● Data to process:
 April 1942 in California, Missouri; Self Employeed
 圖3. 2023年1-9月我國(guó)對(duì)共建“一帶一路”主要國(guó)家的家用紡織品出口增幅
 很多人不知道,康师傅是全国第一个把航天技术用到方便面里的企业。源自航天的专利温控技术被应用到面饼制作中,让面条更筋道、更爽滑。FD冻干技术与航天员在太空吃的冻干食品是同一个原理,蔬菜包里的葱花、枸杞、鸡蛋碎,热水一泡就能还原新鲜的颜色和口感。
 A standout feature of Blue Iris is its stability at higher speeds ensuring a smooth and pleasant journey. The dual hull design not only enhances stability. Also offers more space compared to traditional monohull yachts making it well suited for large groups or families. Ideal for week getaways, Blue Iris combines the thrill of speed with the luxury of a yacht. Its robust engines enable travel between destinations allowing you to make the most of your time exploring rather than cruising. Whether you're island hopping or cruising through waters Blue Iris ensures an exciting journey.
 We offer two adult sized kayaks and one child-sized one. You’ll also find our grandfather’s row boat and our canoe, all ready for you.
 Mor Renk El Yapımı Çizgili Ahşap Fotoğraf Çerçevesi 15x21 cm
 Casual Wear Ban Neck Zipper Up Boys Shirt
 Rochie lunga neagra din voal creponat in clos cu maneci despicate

---

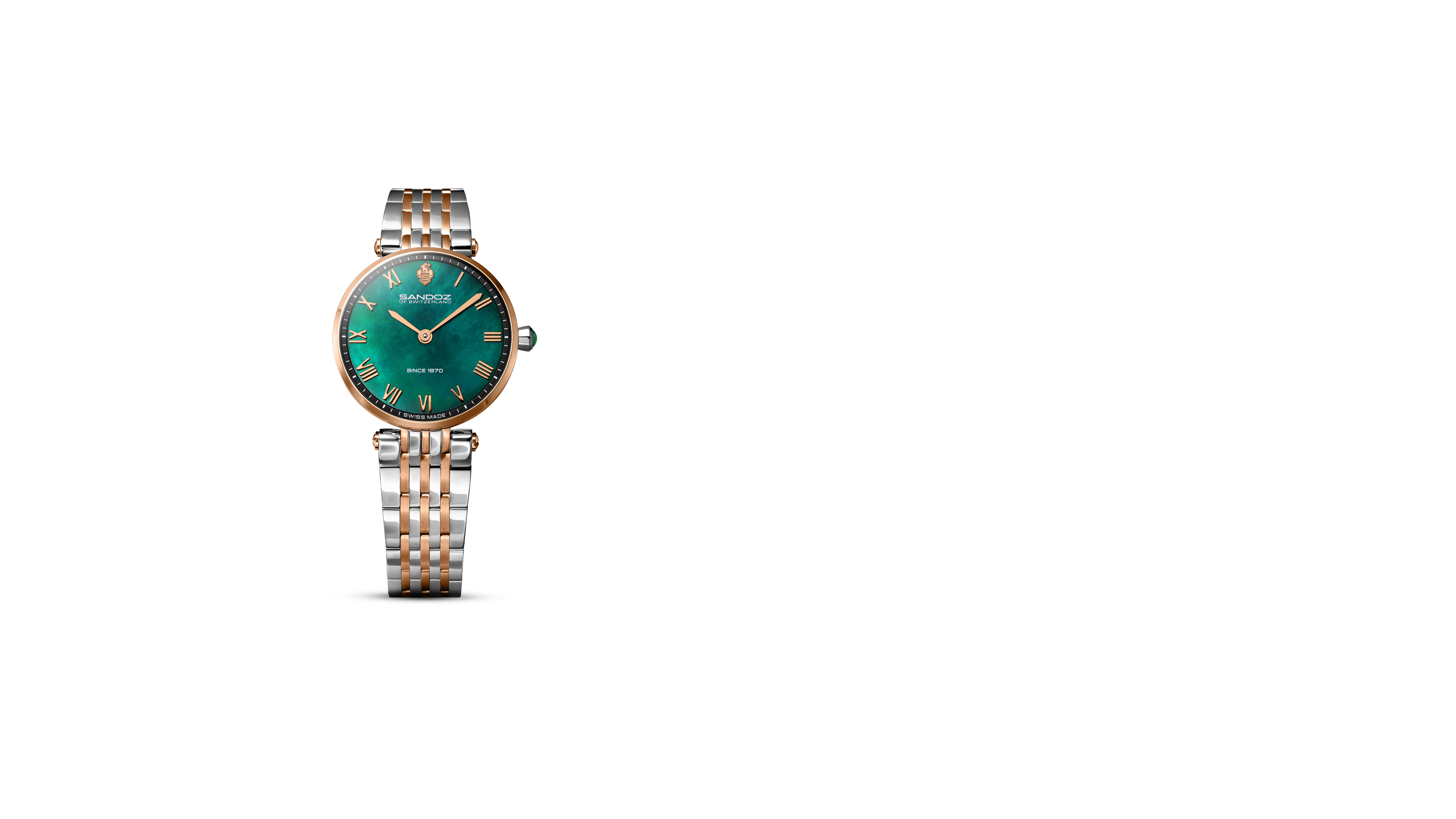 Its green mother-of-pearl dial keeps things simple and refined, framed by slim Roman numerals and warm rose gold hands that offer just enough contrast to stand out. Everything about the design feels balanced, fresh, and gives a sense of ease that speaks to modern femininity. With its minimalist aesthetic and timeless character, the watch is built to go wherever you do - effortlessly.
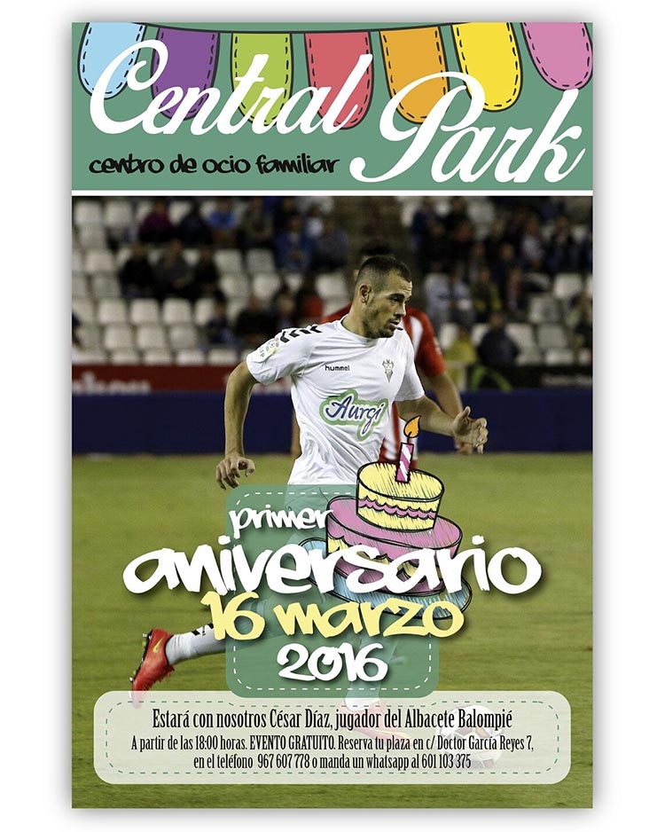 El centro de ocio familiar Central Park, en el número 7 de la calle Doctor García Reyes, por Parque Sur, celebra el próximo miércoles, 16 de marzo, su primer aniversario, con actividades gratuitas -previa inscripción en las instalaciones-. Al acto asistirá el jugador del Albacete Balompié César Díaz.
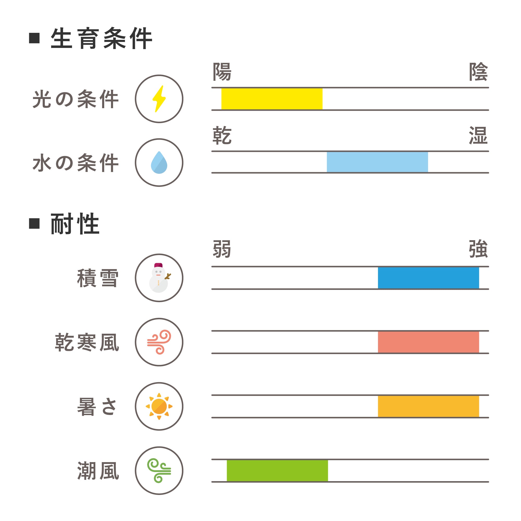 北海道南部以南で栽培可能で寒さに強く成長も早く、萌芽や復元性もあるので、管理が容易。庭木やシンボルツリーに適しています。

---

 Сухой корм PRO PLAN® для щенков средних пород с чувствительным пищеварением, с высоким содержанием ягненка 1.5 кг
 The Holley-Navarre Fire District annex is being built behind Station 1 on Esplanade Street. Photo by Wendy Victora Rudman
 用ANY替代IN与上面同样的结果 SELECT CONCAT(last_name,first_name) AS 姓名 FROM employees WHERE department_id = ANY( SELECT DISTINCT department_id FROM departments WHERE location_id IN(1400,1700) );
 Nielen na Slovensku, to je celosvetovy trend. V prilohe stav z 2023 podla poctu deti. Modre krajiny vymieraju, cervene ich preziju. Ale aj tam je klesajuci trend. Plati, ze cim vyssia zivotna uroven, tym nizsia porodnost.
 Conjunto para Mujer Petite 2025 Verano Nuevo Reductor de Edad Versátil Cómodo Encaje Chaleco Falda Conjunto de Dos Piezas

● Work item:
Give back exactly the lines above, from the line containing "April 1942 in" through the line containing "很多人不知道,康师傅是全国第", with both end lines and nothing more.

● Reply to the exercise:
 April 1942 in California, Missouri; Self Employeed
 圖3. 2023年1-9月我國(guó)對(duì)共建“一帶一路”主要國(guó)家的家用紡織品出口增幅
 很多人不知道,康师傅是全国第一个把航天技术用到方便面里的企业。源自航天的专利温控技术被应用到面饼制作中,让面条更筋道、更爽滑。FD冻干技术与航天员在太空吃的冻干食品是同一个原理,蔬菜包里的葱花、枸杞、鸡蛋碎,热水一泡就能还原新鲜的颜色和口感。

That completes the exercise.